Front end, which includes:
- scanner, which performs lexical analysis of the code and produces tokens (strings with certain meaning)
- parser, which produces an abstract syntax tree (tokens grouped in a tree which represents the actual algorithm implemented in the source code)
- semantic analysis (mainly type checking), during which the AST is checked for errors like wrong use of types or use of variables before initialization
- generation of intermediate representation, usually based on AST
Optimization, which aims at reducing code complexity for example by precalculating stuff. Optimization must not change the algorithm/program itself.
Back end, which translates the intermediate representation to expected output (assembly or bytecode).

The core of LLVM is the optimizer but the project also includes a compiler front end - clang - which is intended to be used with the LLVM toolchain.

Obfuscator-LLVM

We will leverage Obfuscator-LLVM project which is an open-source fork of the LLVM.

Obfuscation works on the mentioned intermediate representation (IR) level. In other words it’s a kind of ‘anti’-optimization. Clang is used to generate IR from source code, then the IR is processed to obfuscate code flow and finally the assembly is generated.

Setup

Having gone through the theoretical introduction, let’s prepare the environment for C++ code obfuscation. The Obfuscator-LLVM needs to be downloaded and compiled. The latest branch is llvm-4.0 (from 2017, the latest version of LLVM is 11.0 nowadays) and the code needs to be compiled with Visual Studio 2017 and not 2019 (as it gives some errors during compilation). We need to use CMake to generate VS2017 project and then compile it (minding the target architecture). We can use Developer Command Prompt for VS 2017 which is a part of Visual Studio 2017:

git clone -b llvm-4.0 https://github.com/obfuscator-llvm/obfuscator
cd obfuscator
mkdir build
cd build
cmake -G "Visual Studio 15 2017 Win64" ..
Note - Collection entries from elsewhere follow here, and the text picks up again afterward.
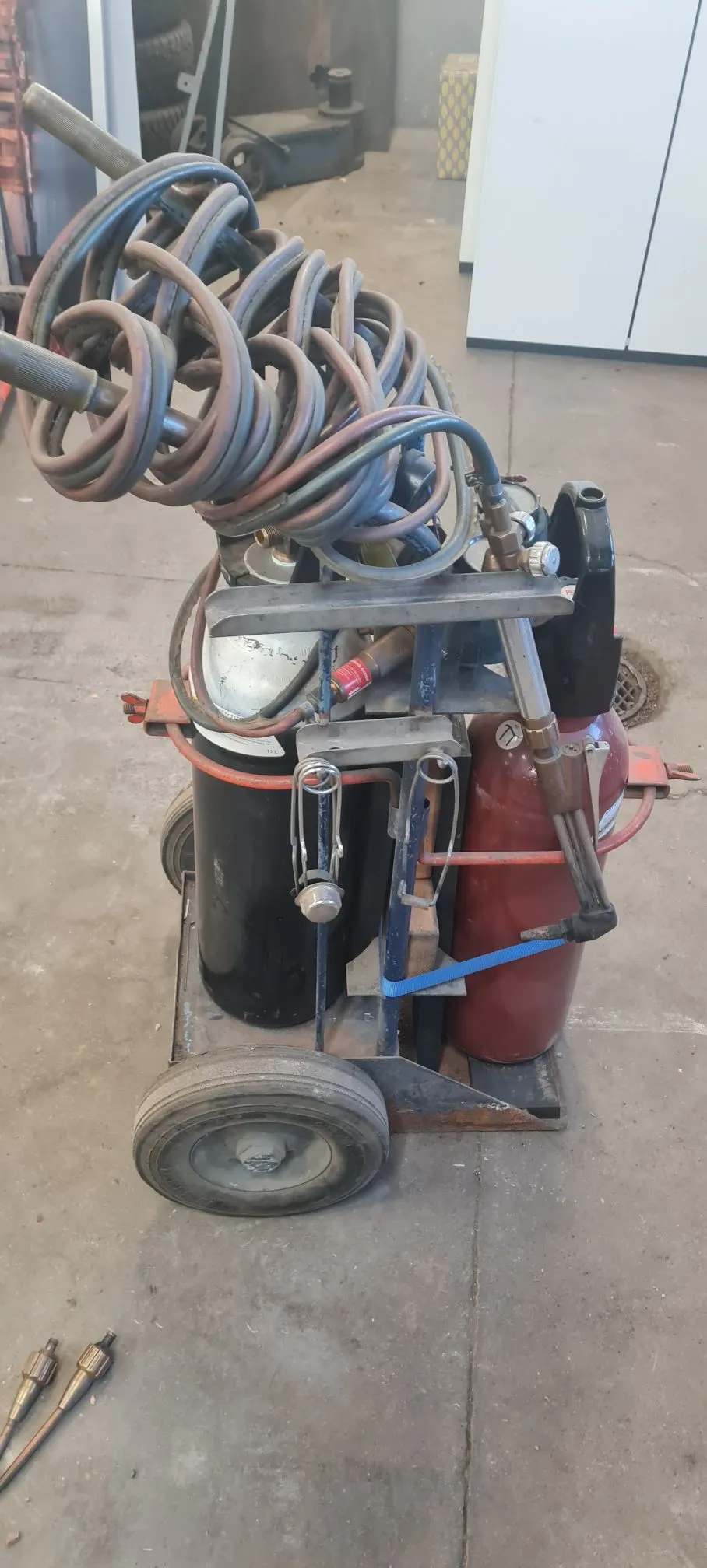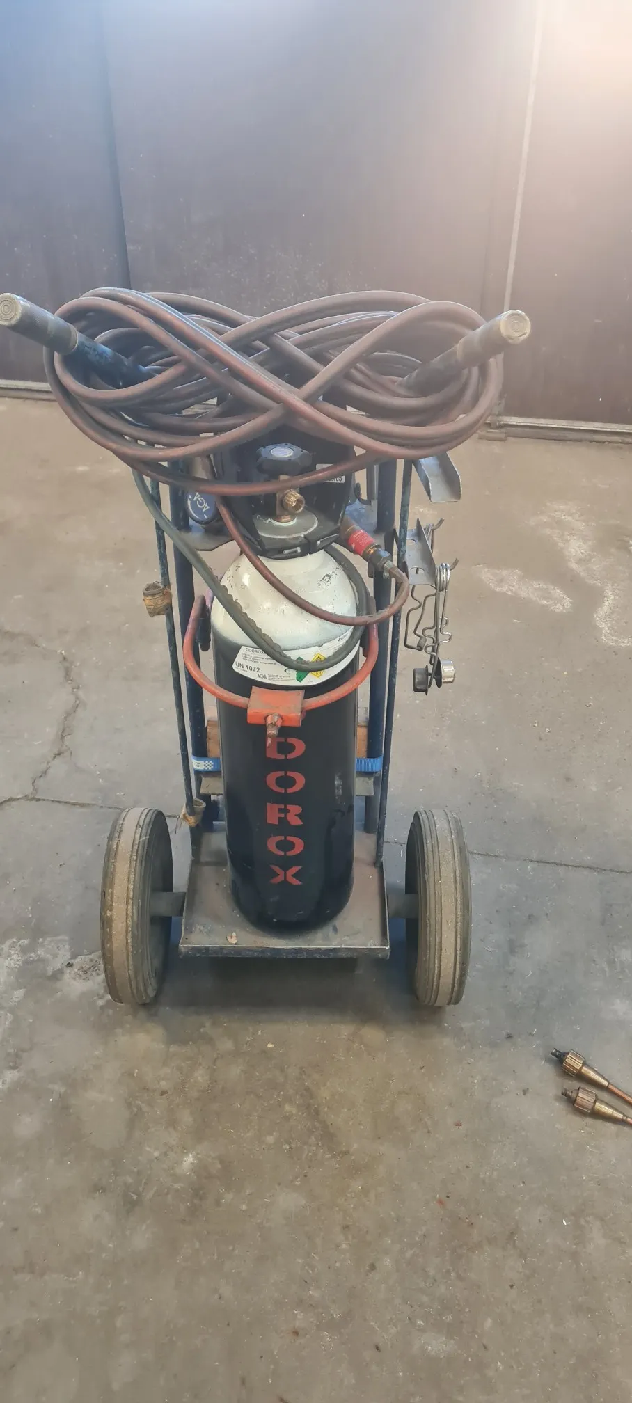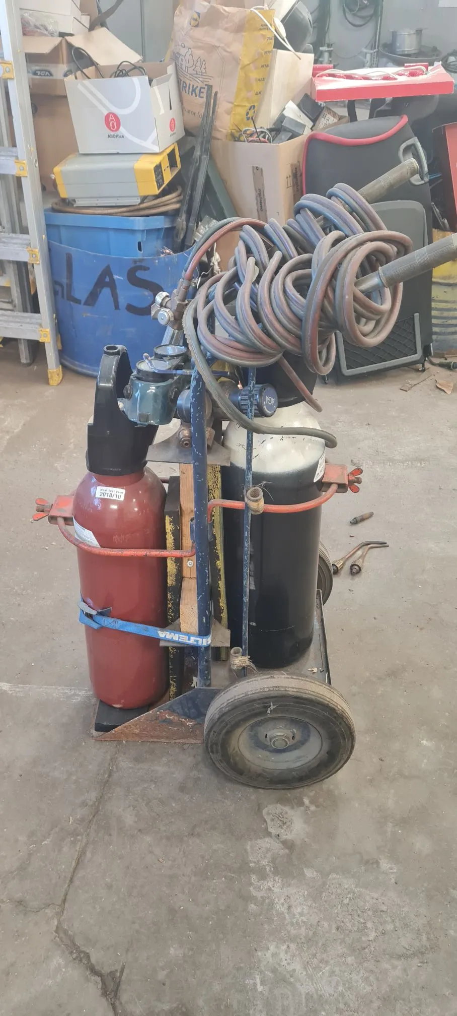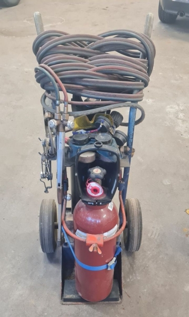 Skärbrännare med gasregulatorer, tubkärra, friköpt gastub Oxygen 10kg, friköpt gastub Acetylen 10kg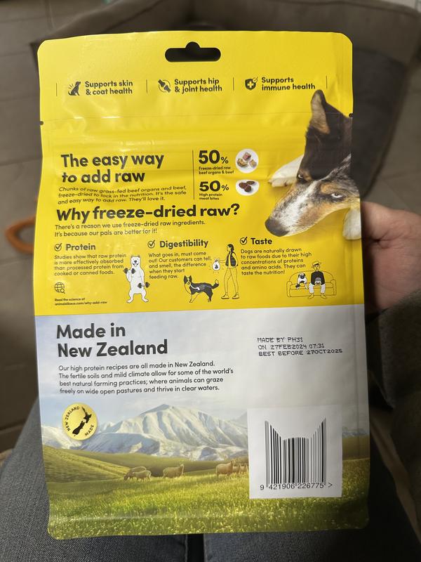 RawMix50 combines the nutrition of raw with the convenience of high-protein kibble. Made using freeze-drying technology to remove moisture and lock in nutrition and taste, this minimally processed diet is suitable for all breeds and life stages.
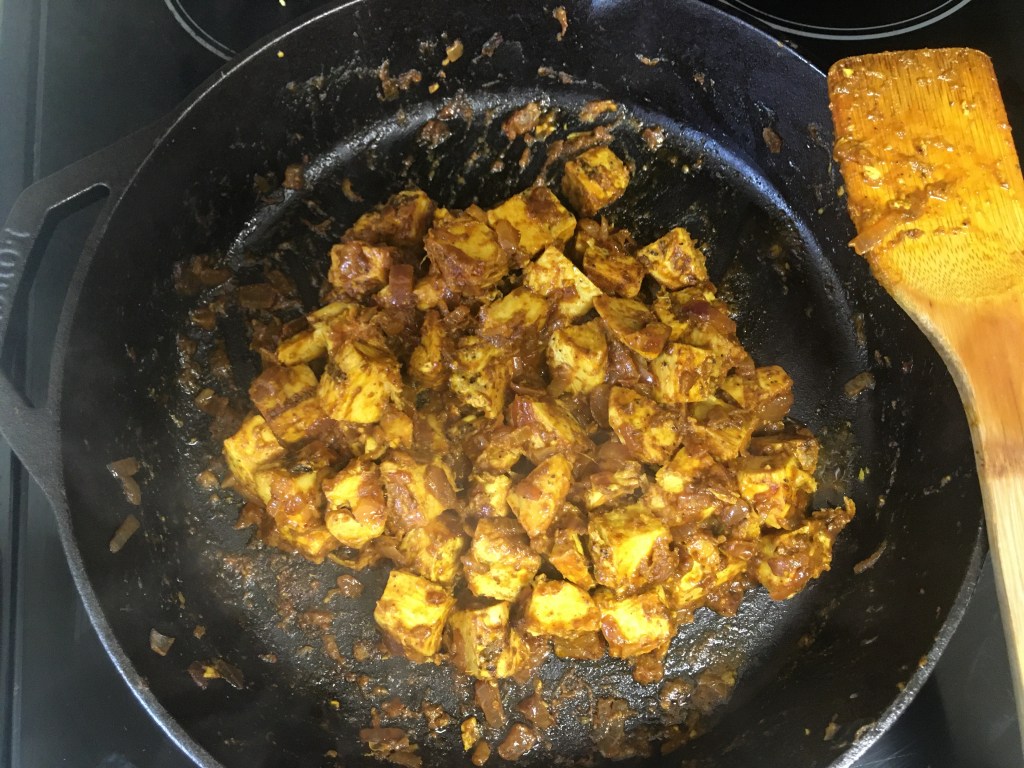 - Add the curry paste and tomato paste, stir and cook for 3 minutes.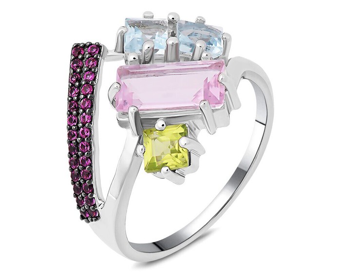 Кольцо, арт.656733 Серебро Серебро 925, р. 18, 3,87 гр., морганит , перидот , топаз , нанорубин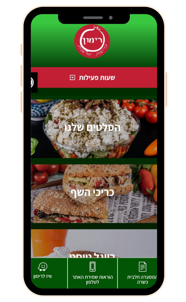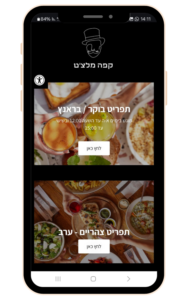 התפריט הדיגיטלי מעוצב בהתאמה מלאה לצרכי העסק שלך, כולל צבעים, לוגו וסטיילינג שמתאים למותג שלך. העיצוב מותאם למובייל ולמחשב כך שהלקוחות שלך יוכלו לצפות בתפריט מכל מכשיר בנוחות.

Note: I had to manually define ENDIAN_LITTLE identifier to get rid of some compilation errors.

There are different ways to use Obfuscator-LLVM compiler:

use manually via command line
add the compiler as a custom build tool for .cpp and other files in Visual Studio (in a relevant file Property Pages)
use VS Installer to install a clang-cl platform toolset and manually swap Visual Studio’s clang version with the compiled compiler (this kinda sounds like a chicken-egg problem :))

Usage and features

Let’s write a simple program which performs some rather simple calculations based on a pseudorandom value:

int main()
{
	int a = GetTickCount64();
	int b = a % 10;
	int c = 0;
	for (int i = 0; i < b; i++)
	{
		c += a % i;
	}
	return c;
}

Note: I compiled this code without CRT dependency so the binary is small and there’s no additional code (like mainCRTStartup etc.) - see part 4 of malware development series.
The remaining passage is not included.